I’m sure I am not the only one with this burning.  No, guys, it’s not desire – sorry.  It’s the hell bent effort of my hormonal system trying to prove the phenomenon of spontaneous combustion.  I’m sure it will give proof one of these days.  The fire officials will find a heap of ashes in the shape of a menopausal woman.

It starts with my scalp and face….I feel just a bit of warmth, tingling, perspiration begin.  I swipe at my face.  I despise sweating and yet I am proficient at it during these moments.  My head starts to kindle.  My scalp feels like it will surely burn off each and every hair like a million fuses set to blow the dynamite that is surely embedded in my skull, because its follicles surely could not survive the coming hellfire.

Then it spreads.  Uh, oh.  Now I know I’m doomed.  My entire back begins to burn and now I know there will be no redemption from this slow, excrutiatingly painful fire across my body.  Of course, when I’m sleeping and this happens – I can wander the house like a ghost, not bothering anyone and certainly not facing anyone.

Then there’s the times that I’m out and about, running errands, and trying to get work done.  I stand at the counter of the post office, trying to get some packages taken care of, and suddenly it begins.  I cannot explain to the person taking my packages, my money, watching me strangely as I fan myself and sweat like I was putting out a fire on my skin……Oh!  Wait!  That’s it!!  That’s exactly what my body must think its doing: Putting out the fire.  In private, that’s just fine.  In public, I feel like some kind of freak.

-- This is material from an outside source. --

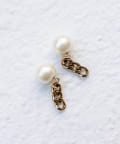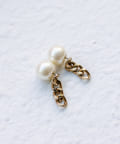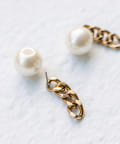 ・大きめのパールとゴールドチェーンデザインが目を惹くピアス。

I’m wiping my brow, pulling back my hair, which is now soaked like I had just gotten out of the shower, and I stand there and assess the person I’m dealing with to see if they will “get it” if I say, “I’m having a hotflash”.  Sometimes I do say it.  Occasionally, when I do, there is an instant recognition in the person’s face and they respond similarly.  More often, I think I must seem suspicious.  Like I’m nervous.  Of course, it does make me a bit nervous….in fact, downright anxiety-ridden one time when I was standing in front of an audience, interpreting, and suddenly a half-hour or so into the show…..BURN baby BURN!  Oh god.  It was awful.  I could not cool down, I could not swipe at my brow and interpret at the same time, I became a distracted, forehead-dripping, disaster of a professional interpreter.  Those are the types of moments where I wish I could hide in a hole somewhere – at least it might be cooler there.

I don’t interpret any longer, I’m retired to care for our small children.  But, those late night sweat fests of the not-so-fun kind are apparenty here to stay.  I feel sure we could bottle that heat and use it for clean energy, no?  Well, maybe not.